As we realize the capacity of language to be a weapon, we find reasons to stop trusting it. Is what we are hearing supposed to be ironic? A straight-out lie? Are we being gaslit? Selin’s awareness of language’s dangerous potential only causes her to work over every statement she hears until the only thing of which she can convince herself is that she understands nothing.
And then there’s the question of Selin’s own first-person language, which she uses to tell a story to us, the reader. Her narrative sentences are deployed with the patience and weight of someone who has had time to consider what has transpired, but even here her lack of assurance in language comes through. In Hungary, she describes a character as having a “plain” face, then digresses on that odd choice of word: “Why was ‘plain’ a euphemism for ‘ugly,’ when the very hallmark of human beauty was its plainness, the symmetry and simplicity that always seemed so young and so innocent.”
Hungary also provides scenes of linguistic chaos, as Selin encounters people who don’t speak the English she knows while she doesn’t understand the Hungarian that they know. She is taught Hungarian by host families who point at objects and repeat words, hoping they will stick. The slow associations through which she deduces names and meanings make her realize the absurdities that exist in the spaces in between:
We came to the main road, with telephone and electric lines. “Telefon oszlop,” said Nóra. “Telefon oszlop, telefon oszlop, telefon oszlop. Elektromos oszlop.” I wasn’t sure what oszlop was, the pole or the line, until we came to a waist-height concrete column sticking out of the ground: “beton oszlop,” Nóra said. I knew beton was concrete—Turkish used the same word. It seemed so funny to me that you could have a telephone oszlop, an electric oszlop, or a concrete oszlop.

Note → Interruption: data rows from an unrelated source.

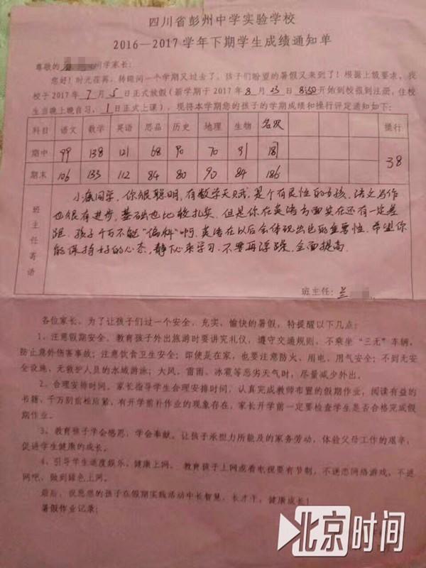 康琦是四川省彭州中学实验学校初一的学生,如果不出意外的话, 9月1日她将正式开始初二的学习生活。
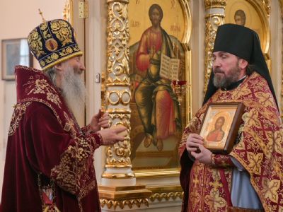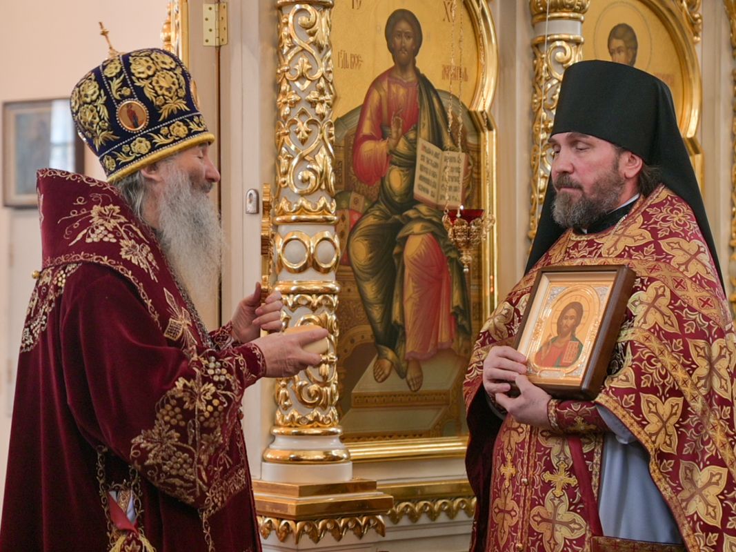 По окончании богослужения митрополит Иоанн поздравил секретаря Йошкар-Олинского епархиального управления иеромонаха Серафима (Пасанаева) с днем тезоименитства.
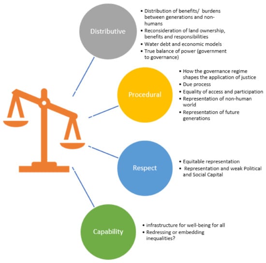 In defining and applying concepts of justice, reliance here is placed on Schlosberg’s widely cited work on environmental justice [22]. The reason for selection of this work is its comprehensive review of justice themes relevant to the tensions in governance of natural resources, such as water, and its interface with humanity [23,24,25]. It is a work that, through its breaking down of the concept of justice, enables it to be understood and applied to different contexts. The association with the concept of ‘just sustainability’ is also significant [26,27], the addition of the word ‘just’ expressly accepting in some way that sustainability alone is not ‘enough’. The discussion draws on bodies of work around justice to include different forms of justice—distributive, procedural, recognition (or respect), and ‘capacities’ (or capabilities), all of which can interconnect [22].

Batuman’s decision to set The Idiot in the era of the nascent internet illustrates what it has done to how we communicate. It has trained us to be hyperselective in our word choices—to look for the perfect keyword that will bring up the response we desire: to make the troll go away, to get the commenter who is clearly wrong to shut up. To fit our bon mots under the 280-character limit. To win someone over, or to feel like we have won.
The internet has equally demonstrated how language frustrates in its natural opaqueness, in its refusal to do what we intend it to do, to the point where we have sought alternatives. So we have expanded our arsenal to include emojis, GIFs—things that can, on the right occasion, impart an idea more pointedly than a word.
It’s easy, then, for the reader to sympathize with Selin’s frustrations. She wants to trust language, but language is inherently dishonest, a fractured mirror that never accurately reflects what really is. Trust it too much and it will leave you feeling betrayed.